Once Git asks for credentials and you give the token, the configured credential helper stores it for next time.

Terminal window
git config --global credential.helper osxkeychain

The token is stored in the macOS Keychain. Subsequent clones, fetches, and pushes don’t prompt.

Terminal window
git config --global credential.helper libsecret

Stores the token in the GNOME Keyring or KDE Wallet via the freedesktop Secret Service.

If libsecret isn’t built in, install Git’s libsecret helper:

Terminal window
sudo apt install libsecret-1-0 libsecret-1-dev
sudo make --directory=/usr/share/doc/git/contrib/credential/libsecret

Git for Windows ships with the manager-core helper out of the box — nothing to configure.

If you’d rather not use a credential helper at all, set Git’s http.extraHeader for the githosted host:

Terminal window
git config --global http.https://githosted.dev/.extraHeader \
"Authorization: Bearer gw_xxxx"

Now any git clone https://githosted.dev/... call sends an Authorization: Bearer … header without needing HTTP Basic.
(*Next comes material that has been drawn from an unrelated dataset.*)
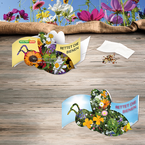 Ihr idealer Botschafter und Unterstützer als Futter für die Bienen Ausdruckstarkes, sympathisches, flaches Klappkärtchen, das sich für portofreundliche Mailings und Übergabeaktionen eignet. Das eingeklebte Samentütchen enthält eine bienenfreundliche Sommerblumensamenmischung.

This is what most CI environments end up doing.

In a workflow, the token comes from a secret and gets injected as an extraHeader for the duration of the job:

- name: Clone githosted repo
env:
GITHOSTED_TOKEN: ${{ secrets.GITHOSTED_TOKEN }}
run: |
git -c http.https://githosted.dev/.extraHeader="Authorization: Bearer $GITHOSTED_TOKEN" \
clone https://githosted.dev/<ws>/<repo>.git

Or, if you’re already using the SDK in the same job, skip the git clone entirely and use repo.read / repo.write against the same token via GITHOSTED_TOKEN. The SDK is usually the simpler path inside CI.

The cleanest pattern for a Dockerfile that needs to pull from a githosted repo at build time is BuildKit secrets:

1.7
FROM alpine:3
RUN apk add --no-cache git
RUN --mount=type=secret,id=githosted_token \
GITHOSTED_TOKEN=$(cat /run/secrets/githosted_token) && \
git -c http.https://githosted.dev/.extraHeader="Authorization: Bearer $GITHOSTED_TOKEN" \
clone https://githosted.dev/<ws>/<repo>.git /src

Build with:

Terminal window
docker build --secret id=githosted_token,env=GITHOSTED_TOKEN .

The token never lands in an image layer.

  • git clone, git fetch, git pull, git push
  • Branches, tags, lightweight refs
  • Annotated tags, commit messages, signatures (GPG / SSH-key signing — the server doesn’t validate the signature, but it preserves the signed commit object)
  • Submodules — both directions, as long as both submodule and parent are reachable with the same token / credential helper
  • git lfs — yes, but treat large binaries as the exception, not the rule. See Concepts → Repos for our take
  • SSH access (git@…). Planned and coming. Use HTTPS for now.
  • Anonymous public read. Coming with public repos — see the public-repos plan. Until then every clone needs a token.
  • Read-only mirroring with no token. Same — gated until public repos ship.